Material to process:
+ + +

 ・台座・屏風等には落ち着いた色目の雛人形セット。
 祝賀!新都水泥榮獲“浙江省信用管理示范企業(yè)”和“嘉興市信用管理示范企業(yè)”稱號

+ + +

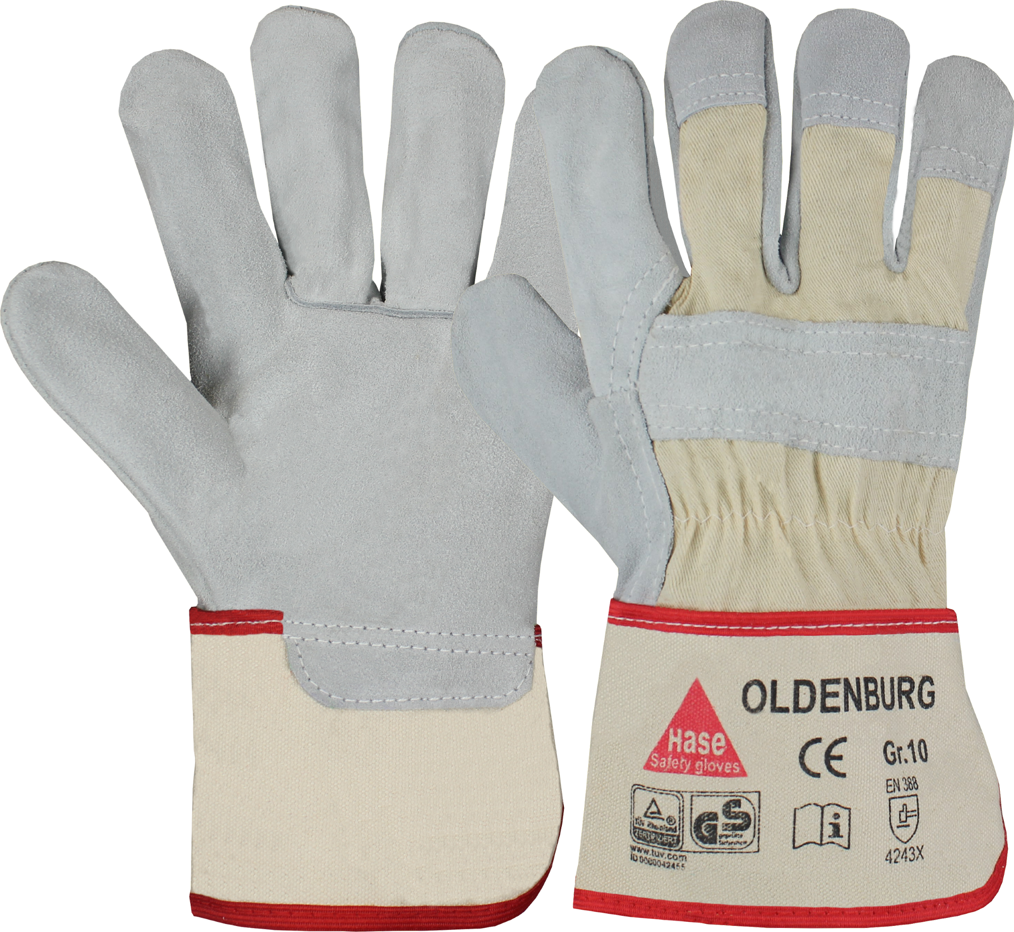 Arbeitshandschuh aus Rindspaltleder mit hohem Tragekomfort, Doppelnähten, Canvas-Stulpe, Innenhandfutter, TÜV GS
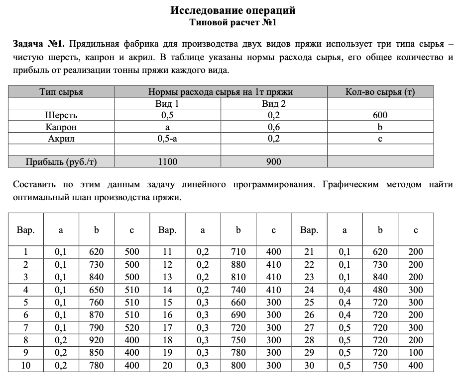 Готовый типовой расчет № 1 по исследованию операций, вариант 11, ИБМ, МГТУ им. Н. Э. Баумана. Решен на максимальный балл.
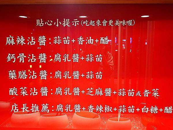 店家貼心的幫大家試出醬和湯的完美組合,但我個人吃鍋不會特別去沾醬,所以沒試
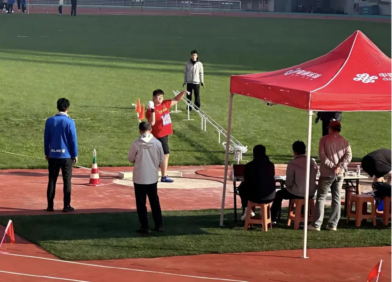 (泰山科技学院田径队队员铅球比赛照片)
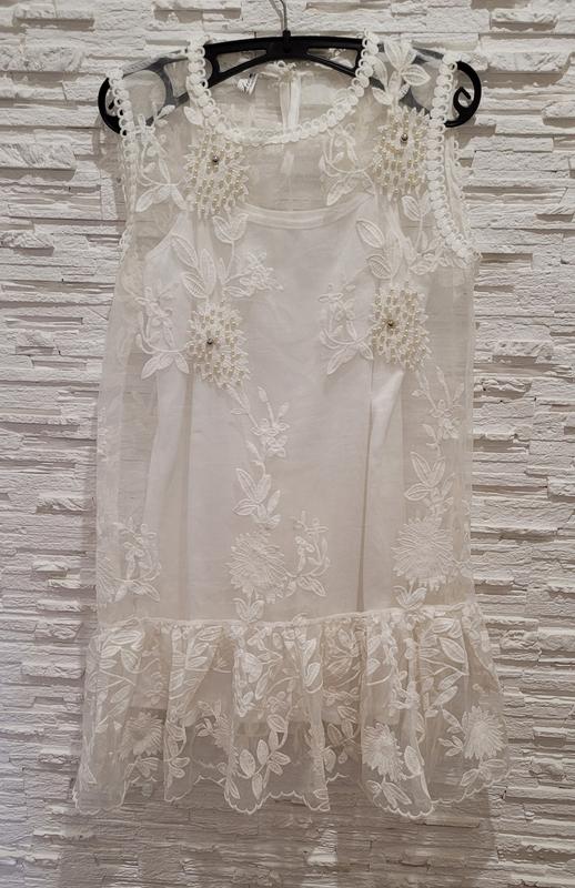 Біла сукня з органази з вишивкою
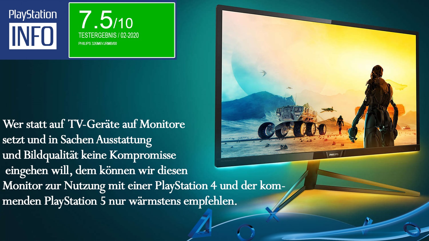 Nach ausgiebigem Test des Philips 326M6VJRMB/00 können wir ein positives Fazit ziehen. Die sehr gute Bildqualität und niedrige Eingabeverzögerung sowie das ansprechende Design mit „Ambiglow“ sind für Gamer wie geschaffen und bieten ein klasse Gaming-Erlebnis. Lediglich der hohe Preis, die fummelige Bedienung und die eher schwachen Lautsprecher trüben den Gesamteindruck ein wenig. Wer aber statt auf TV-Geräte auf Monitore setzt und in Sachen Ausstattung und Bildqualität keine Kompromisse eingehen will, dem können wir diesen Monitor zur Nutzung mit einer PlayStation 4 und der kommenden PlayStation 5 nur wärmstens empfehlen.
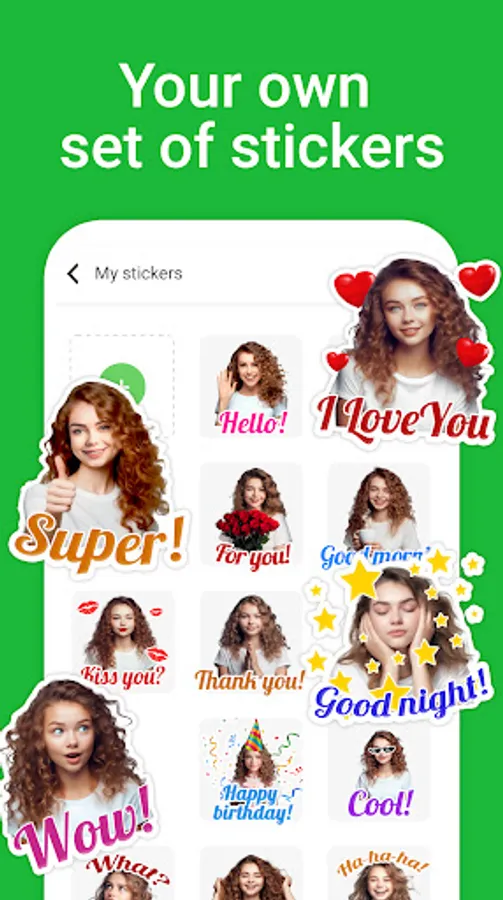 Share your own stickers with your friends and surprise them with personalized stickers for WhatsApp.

+ + +

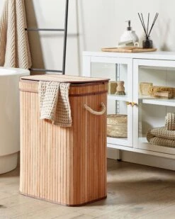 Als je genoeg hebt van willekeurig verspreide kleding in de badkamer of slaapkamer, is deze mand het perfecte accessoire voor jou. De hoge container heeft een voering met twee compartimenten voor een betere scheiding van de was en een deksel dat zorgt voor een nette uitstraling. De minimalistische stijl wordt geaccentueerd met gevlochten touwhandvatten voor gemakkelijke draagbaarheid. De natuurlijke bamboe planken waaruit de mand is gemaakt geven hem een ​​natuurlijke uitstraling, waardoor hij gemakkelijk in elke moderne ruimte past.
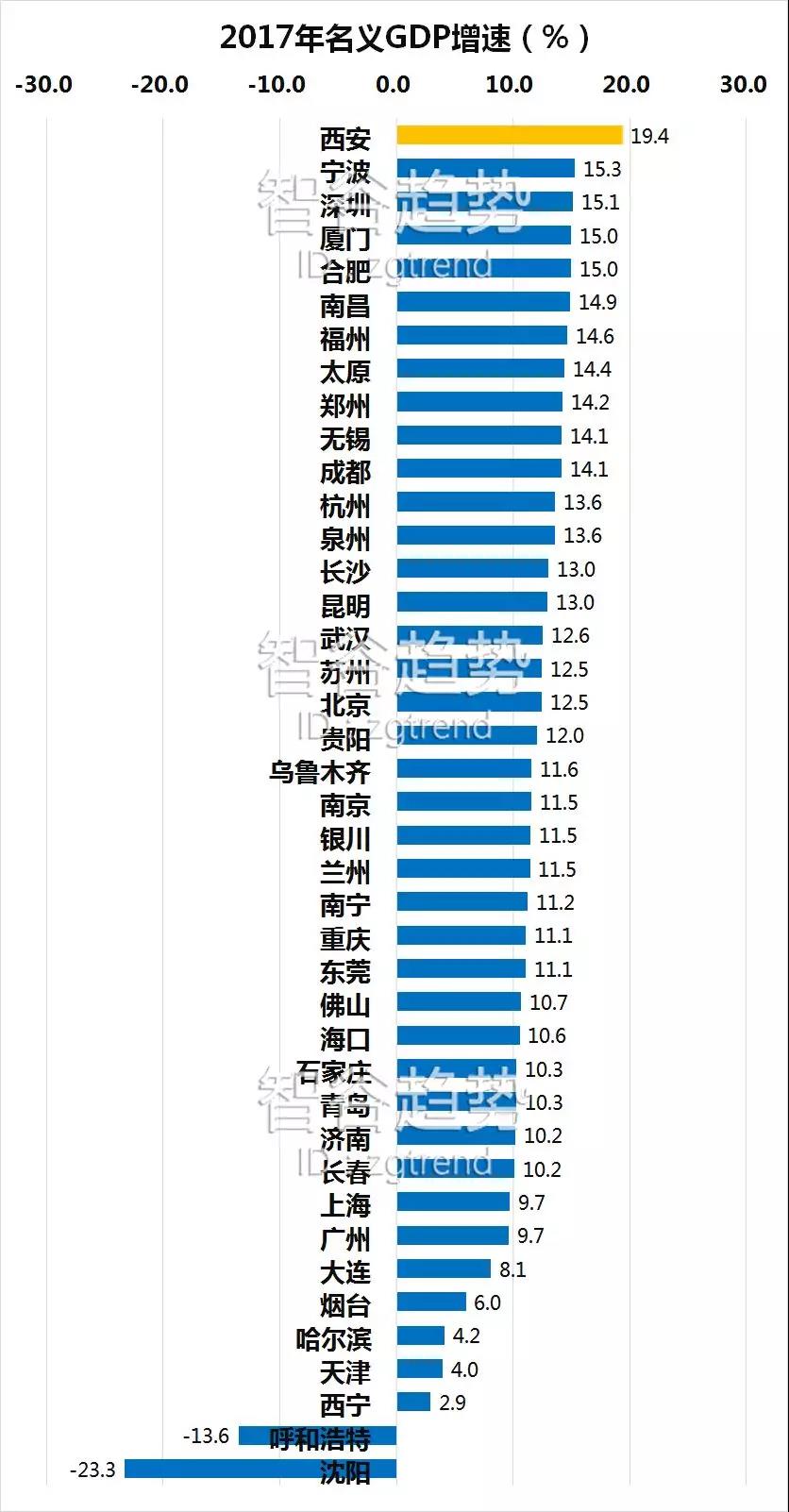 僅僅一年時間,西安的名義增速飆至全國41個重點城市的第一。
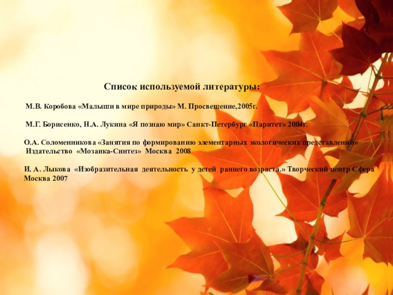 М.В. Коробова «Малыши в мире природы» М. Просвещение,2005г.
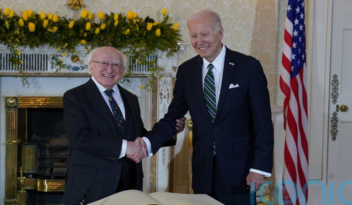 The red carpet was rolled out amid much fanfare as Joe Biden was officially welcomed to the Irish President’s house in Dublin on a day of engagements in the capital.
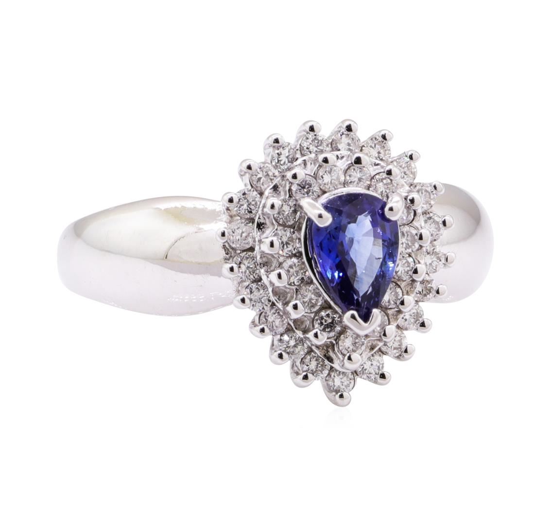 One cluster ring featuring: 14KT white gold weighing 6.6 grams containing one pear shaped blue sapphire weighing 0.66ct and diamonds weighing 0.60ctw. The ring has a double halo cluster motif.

+ + +

Problem statement: In the material above, one part opens with the line containing "Arbeitshandschuh aus Rindspaltleder" and closes with the line containing "Share your own". Write out that part exactly and skip its pictures.

Task output:
 Arbeitshandschuh aus Rindspaltleder mit hohem Tragekomfort, Doppelnähten, Canvas-Stulpe, Innenhandfutter, TÜV GS
 Готовый типовой расчет № 1 по исследованию операций, вариант 11, ИБМ, МГТУ им. Н. Э. Баумана. Решен на максимальный балл.
 店家貼心的幫大家試出醬和湯的完美組合,但我個人吃鍋不會特別去沾醬,所以沒試
 (泰山科技学院田径队队员铅球比赛照片)
 Біла сукня з органази з вишивкою
 Nach ausgiebigem Test des Philips 326M6VJRMB/00 können wir ein positives Fazit ziehen. Die sehr gute Bildqualität und niedrige Eingabeverzögerung sowie das ansprechende Design mit „Ambiglow“ sind für Gamer wie geschaffen und bieten ein klasse Gaming-Erlebnis. Lediglich der hohe Preis, die fummelige Bedienung und die eher schwachen Lautsprecher trüben den Gesamteindruck ein wenig. Wer aber statt auf TV-Geräte auf Monitore setzt und in Sachen Ausstattung und Bildqualität keine Kompromisse eingehen will, dem können wir diesen Monitor zur Nutzung mit einer PlayStation 4 und der kommenden PlayStation 5 nur wärmstens empfehlen.
 Share your own stickers with your friends and surprise them with personalized stickers for WhatsApp.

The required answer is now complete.